CosyVoice2 LLM Reinforcement Learning Recipe
This recipe demonstrates how to fine-tune the CosyVoice2 large language model with reinforcement learning algorithms—specifically GRPO—using the veRL framework. Our experiments show that applying GRPO reduces the character error rate (CER) on the CosyVoice3 zero_shot_zh set from 4.08 % to 3.36 %.
Table of Contents
- Environment Setup
- Data Preparation
- Reward Function & ASR Server
- Training
- Evaluation
- Export Model
- Results
- Acknowledgement
Environment Setup
We recommend using the pre-built Docker image below.

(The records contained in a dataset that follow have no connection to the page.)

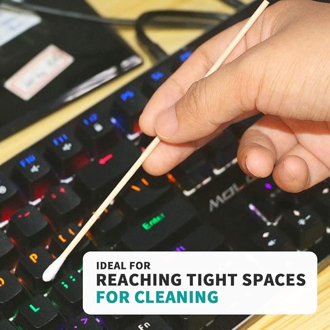 - Long Handle Cotton Swabs:High quality of wooden handle and Wooden handles offer aggressive cleaning.Cotton swabs designed with pure healthy cotton and durable cotton head thar does not easily unravel, is gentle to your skin and items surface.Wood handle is not easy to break, comfortable and safe for use.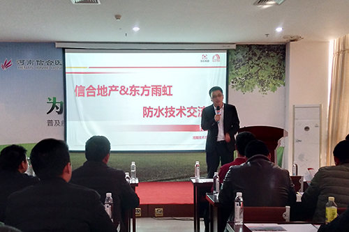 段煉先生介紹了參會(huì)主要代表,并對(duì)東方雨虹技術(shù)團(tuán)隊(duì)到來表示感謝。牛星先生對(duì)信合地產(chǎn)的發(fā)展表示祝賀,同時(shí)期待雙方能達(dá)成更廣泛的合作。孫新磊先生通過技術(shù)講解對(duì)建筑防水部位做系統(tǒng)性分析,并就項(xiàng)目中遇到的實(shí)際問題,進(jìn)行現(xiàn)場答疑,專業(yè)化的講述得到了與會(huì)人員的贊賞。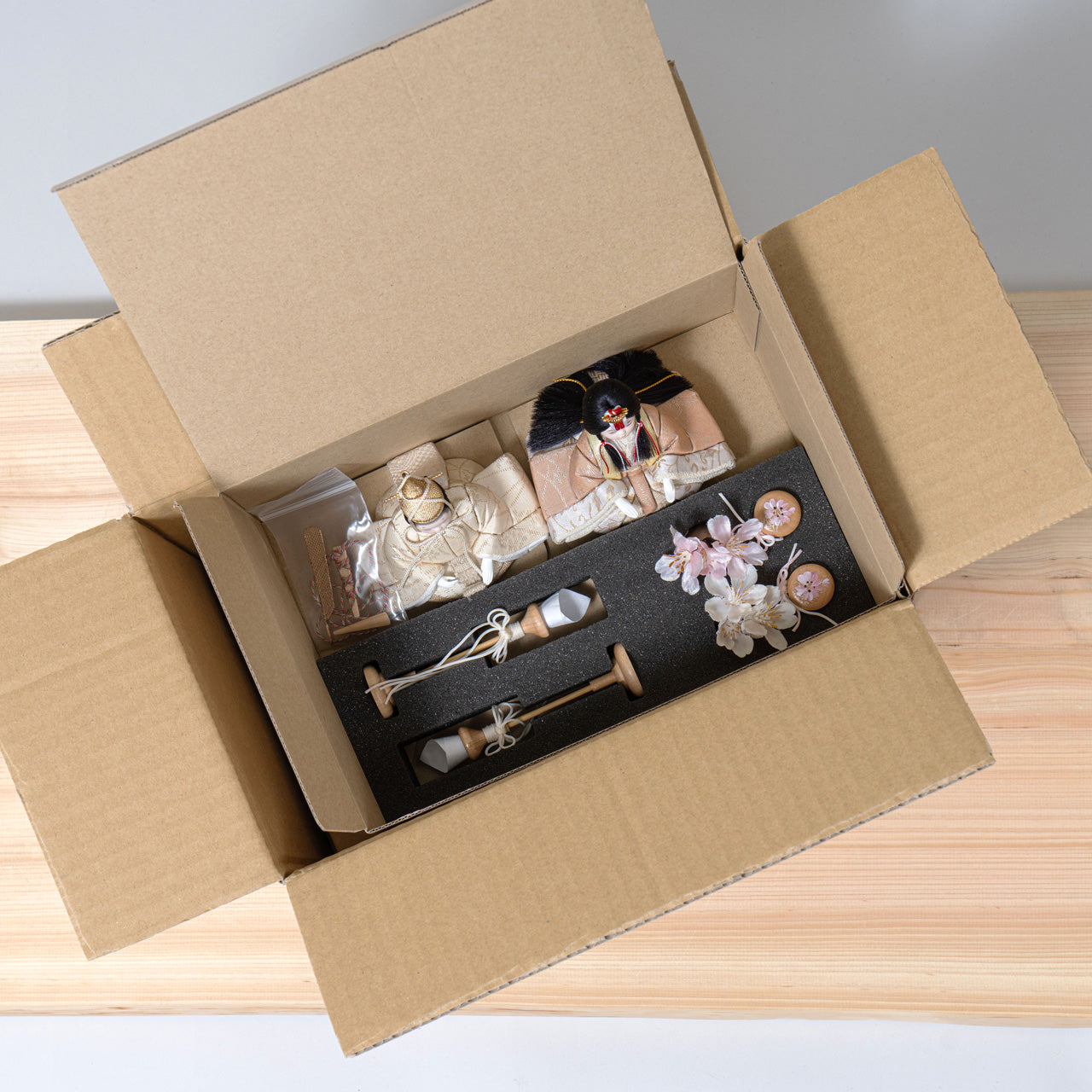 天然木の風合いを生かした木都の羽子板はひな人形と一緒に飾るのにぴったり。

Alternatively, you can manually install the dependencies following the Dockerfile.
docker pull soar97/verl:app-verl0.4-vllm0.8.5-mcore0.12.2-te2.2
Data Preparation
prepare_data.py expects a JSON/JSONL file with at least the following schema:
{
"text": "An example sentence to be synthesized."
}
You can download the JSONL files from the metadata directory of the SparkAudio/voxbox dataset on Hugging Face.
Stage 0 converts raw JSONL files into the parquet format expected by veRL:
bash run.sh 0 0
Create two JSONL files—train.jsonl and test.jsonl.

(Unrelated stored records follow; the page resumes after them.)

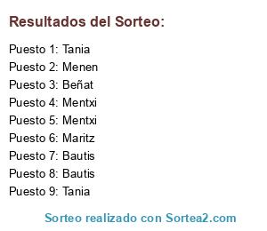Lista de participantes: Bautis (9), Beñat (9), Dimi (9), Esti (9), Kuiki (9), Maritz (9), Menen (9), Mentxi (9), Rrona (9), Tania (9).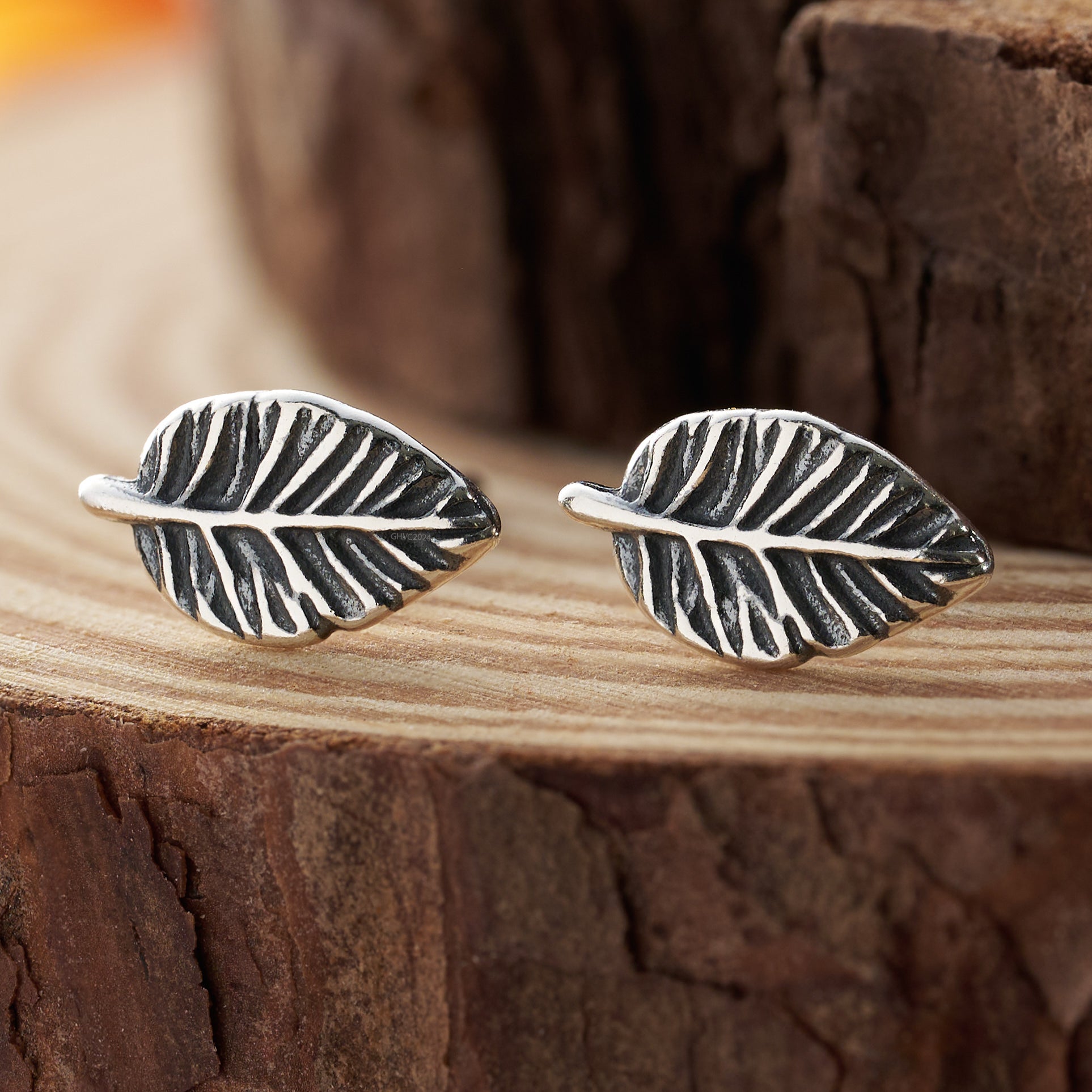 Eye-catching and elegant, the Sterling Silver American Beech Leaf Studs - Medium are perfect for fall!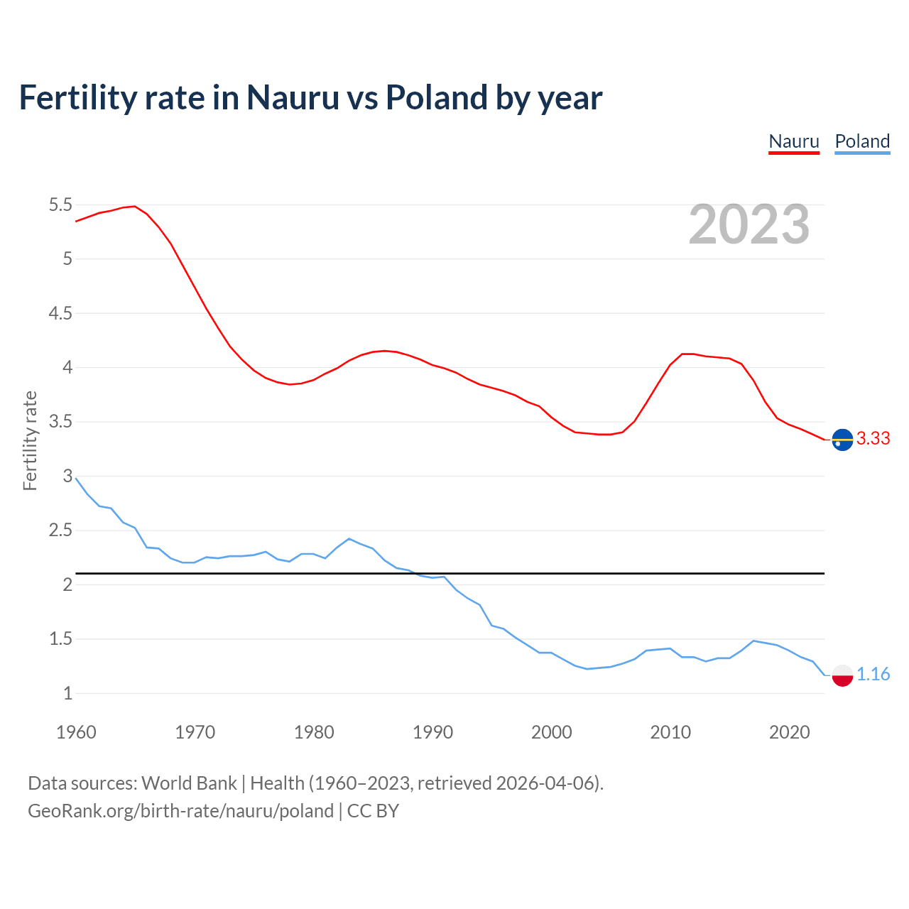 Nauru has an annual birth rate of 25.5 births per 1,000 people, compared to 7.4 for Poland. The average number of children a woman is expected to have during her lifetime — the fertility rate, is 3.33 in Nauru and 1.16 in Poland — 65.2% difference.

The script will then generate two Parquet files:
data/parquet_tiny/train.parquet
data/parquet_tiny/test.parquet
Each sample is automatically wrapped into a cosyvoice2-style prompt so that the LLM learns to output CosyVoice2 speech tokens.

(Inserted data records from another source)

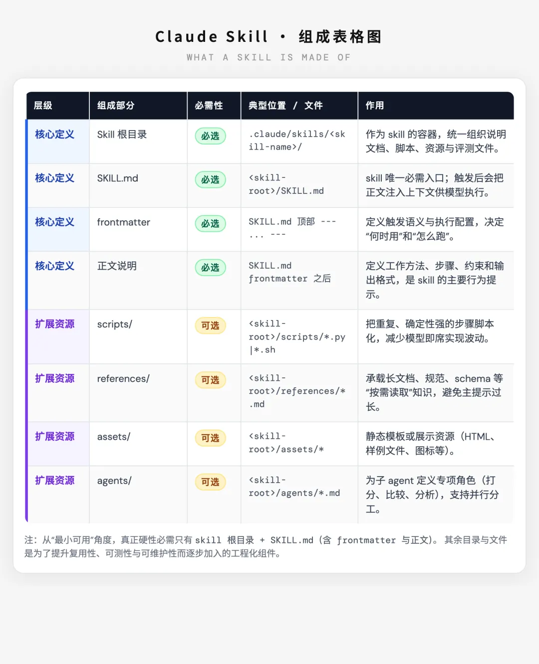 附属资源不是必须的,最核心的模块就只有 Skill.md,很多简单的 Skill,其实就是一个封装好的大型提示词文件,定义好了什么时候用,怎么用的执行步骤规范。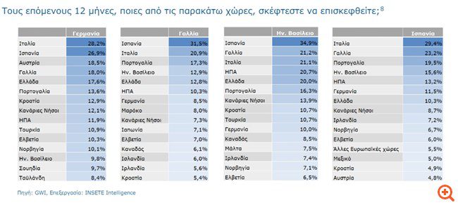 Ειδικότερα, η Ελλάδα βρίσκεται στην 5η θέση για τις αγορές της Γερμανίας, της Γαλλίας και του Ηνωμένου Βασιλείου και στην 7η θέση για την αγορά της Ισπανίας, όσον αφορά την πραγματοποίηση ταξιδιού τους επόμενους 12 μήνες. Η διαφορά ωστόσο μεταξύ της Ελλάδας και των χωρών που προηγούνται κατά μία ή δύο θέσεις είναι πολύ μικρή (της τάξεως της 1 ποσοστιαίας μονάδας ή λιγότερο) και οι χώρες αυτές είναι είτε πολύ μεγαλύτερες (π.χ. Γαλλία ή Ηνωμένο Βασίλειο) είτε πολύ πιο εύκολα προσβάσιμες ακόμα και οδικώς (π.χ. η Αυστρία από τη Γερμανία).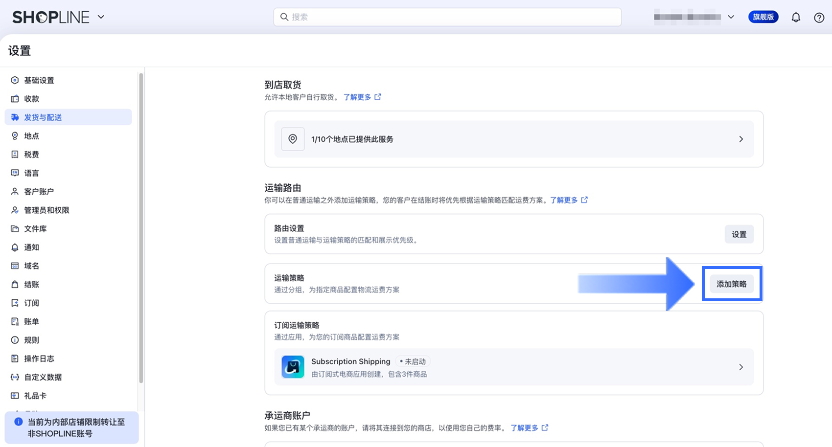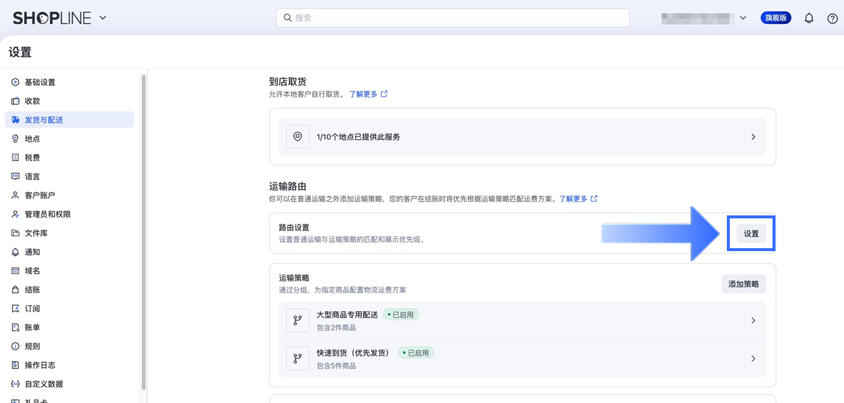 - 在 SHOPLINE Admin 中,前往【设置】>【发货与配送】。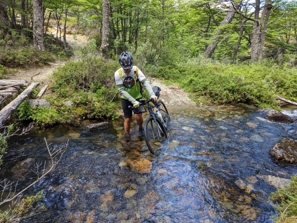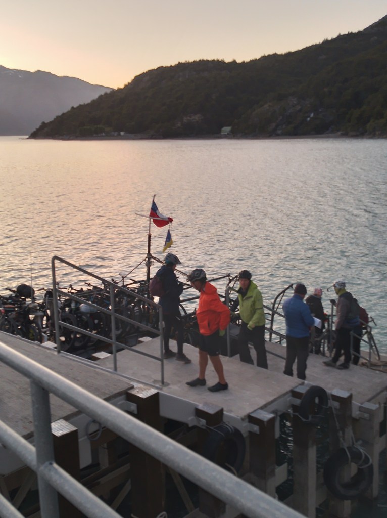 The crossing involved a quick ride to the ferry, a 2-4 hr ferry ride across the Lago (depending on which ferry you were on), then going through a remote Chilean border crossing on a strip of land that we need to cross to exit Chile. This was quite a slow process. Once through each rider had to go 20 km on stèep, rough gravel, gravel road and then very tough single track full of tree roots, downed trees, and streams to ford. Challenging for experienced mountain bikers, only walkable by me. It involved countless times of getting on and off the bike and lifting it over impassable obstacles.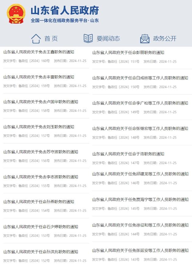 11月25日,山东省政府发布最新人事任免通知,涉及济南大学、聊城大学、齐鲁工业大学、山东理工大学、青岛科技大学、山东农业大学、临沂大学、山东第一医科大学、山东第二医科大学等14所高校。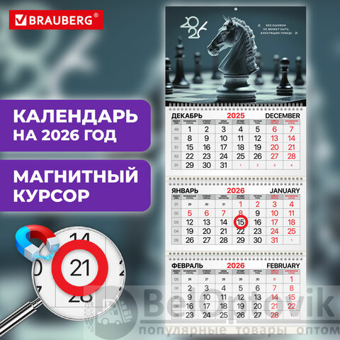 Календарь квартальный 2026 г., 3 блока, 3 гребня, магнитный курсор, мелованная бумага, BRAUBERG, "Ход конем", 116908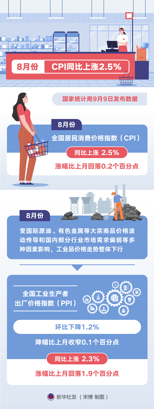 新华社北京9月9日电(记者申铖、魏玉坤)国家统计局9日发布数据,8月份,全国居民消费价格指数(CPI)同比上涨2.5%,涨幅比上月回落0.2个百分点。

Reward Function & ASR Server
To compute rewards we run a lightweight server that:
- Converts generated speech tokens back to a 16 kHz waveform with the CosyVoice2 pretrained U-Net model.
- Transcribes the waveform with SenseVoice ASR.
- Calculates the pinyin-level error rate relative to the ground-truth text and maps it to a score in the range [0-1].
Start the server (stage 1) in a dedicated terminal or on a separate GPU:
bash run.sh 1 1
# Triton server listens on ports 8000/8001/8002
The custom reward implementation lives in reward_tts.py and calls the server to obtain the reward score.
Training
Run stage 2 to start GRPO training:
bash run.sh 2 2
Key CLI arguments passed to verl.trainer.main_ppo:
algorithm.adv_estimator=grpo– use GRPO instead of PPO.data.train_files=data/parquet_aishell3/train.parquetanddata.val_files=data/parquet_aishell3/test.parquetcustom_reward_function.path=reward_tts.py– custom reward function described above.
Adjust CUDA_VISIBLE_DEVICES, batch sizes, and other hyperparameters to match your hardware.
Evaluation
After training completes, collect the sharded FSDP weights and export a Hugging Face-style checkpoint (stage 3):
bash run.sh 3 3 # merges weights into $llm_path/merged_hf_model
You can then evaluate the model on the CosyVoice3 zero-shot Chinese test set (stage 4):
bash run.sh 4 4
This command launches distributed inference via infer_dataset.py and computes WER with scripts/compute_wer.sh.
Tip
The script also supports the Seed-TTS test set by setting
dataset=test_zh.
Export Model
To use the RL-trained model with the official CosyVoice repository:
bash run.sh 5 5
The script converts the Hugging Face checkpoint back into the format expected by the CosyVoice repository.
Results
| Model | Seed-TTS test_zh CER |
CosyVoice3 zero_shot_zh CER |
Comment |
|---|---|---|---|
| CosyVoice2 LLM (official) | 1.45 % | 4.08 % | See the paper |
| CosyVoice2 LLM + GRPO | 1.37 % | 3.36 % | See the decoding results |
Acknowledgement
This work was inspired by the implementation in ch-tts-llasa-rl-grpo.